Schnell, aber behutsam tauchen die Zuhörerinnen mit Fragen, Nicken, verdutztem Kopfschütteln erst in die Kultur Kameruns und dann in Neyous Welt ein. 2007 floh die junge Frau mit einem Pfarrer nach Deutschland. Wohin die Reise ging, wusste sie unterwegs nicht. In Kamerun hatte sie sich während ihres Marketing-Studiums, zu dem der Vater sie gezwungen hatte, gegen die Beschneidung von Frauen eingesetzt. Sie bekam Briefe von der Regierung, dies zu unterlassen. Eine von Neyous Freundinnen wurde umgebracht, weil sie die Beschneidung ihrer fünfjährigen Tochter verhindern wollte. Neyou schaffte den Absprung. In Deutschland wartete sie fünf Jahre lang auf ihre Anerkennung. Während dieser Zeit konnte sie keine Sprachkurse belegen, geschweige denn arbeiten, allenfalls essen und schlafen. Erst zwei Jahre nach ihrer Flucht gelang es der Kamerunerin, ihre Mutter in der Heimat zu kontaktieren – und das, obwohl die Mutter es ist, die Neyou hier am meisten vermisst.

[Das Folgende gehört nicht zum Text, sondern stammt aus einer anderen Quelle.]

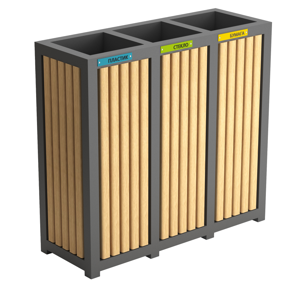 Заботясь об окружающей среде наша компания создала современные урны для сортировки мусора и приложила все усилия, чтобы сортировка отходов была легкой и приятной. Урна Альтас Трио имеет современный дизайн и эстетический вид, что позволяет прекрасно вписываться в местах общего пользования, как торговые центры, вокзалы, станции метро, гостиничных комплексах, курортных зонах. Урна Альтас Трио изготовлена из черной или нержавеющей стали, которую с двух сторон закрывают доски из дерева. Внутренняя емкость выполнена из листовой оцинкованной стали.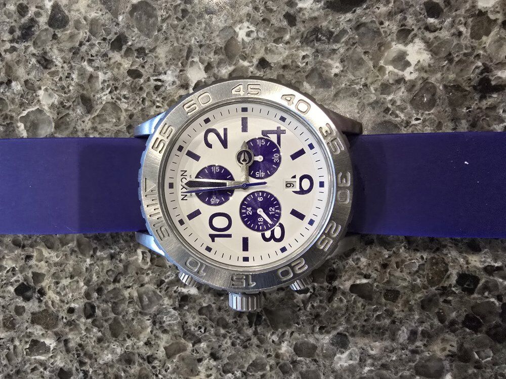 VenmoI have 2 Nixon 42-20 chrono watches. One has a purple polyurethane band, the other has a stainless band. Both are in great condition with no scratches on the face and both have been verified to be fully functioning with new batteries.

„Die Literatur ist manchmal nur der Einstieg für kulturelle und persönliche Themen“, erklärt Sabine Stoll, Mitorganisatorin der Lesenacht. Sie freut sich, dass sowohl Stammgäste als auch neue Zuhörerinnen anlockt werden, in diesem Jahr auch viele junge. Außerdem passe die Auseinandersetzung mit anderen Kulturen gut in die derzeitige gesellschaftliche Situation: „Hier finden auch Frauen einen Platz, die inzwischen sehr gut integriert sind.“ Dies ist auch bei den anderen beiden Leserinnen der Fall. Die Brasilianerin Kelly Colen, Mutter von vier Kindern, heizt den Zuhörerinnen mit Texten über die brasilianischen Tänze Samba und Forró ein. Sozialer Kontakt ist ihr besonders wichtig, darum freut sie sich, dabei zu sein. Samira Durmus, 28 Jahre alt, arbeitet als Dolmetscherin für kurdische Frauen. Sie ist beeindruckt vom Lebenswillen der Kurdinnen, die durch IS-Angriffe im Irak teilweise ihre kompletten Familien verloren haben und sich nun in Deutschland zurechtfinden müssen. Diesen Frauen die deutsche Kultur beizubringen, sei teilweise sehr schwer.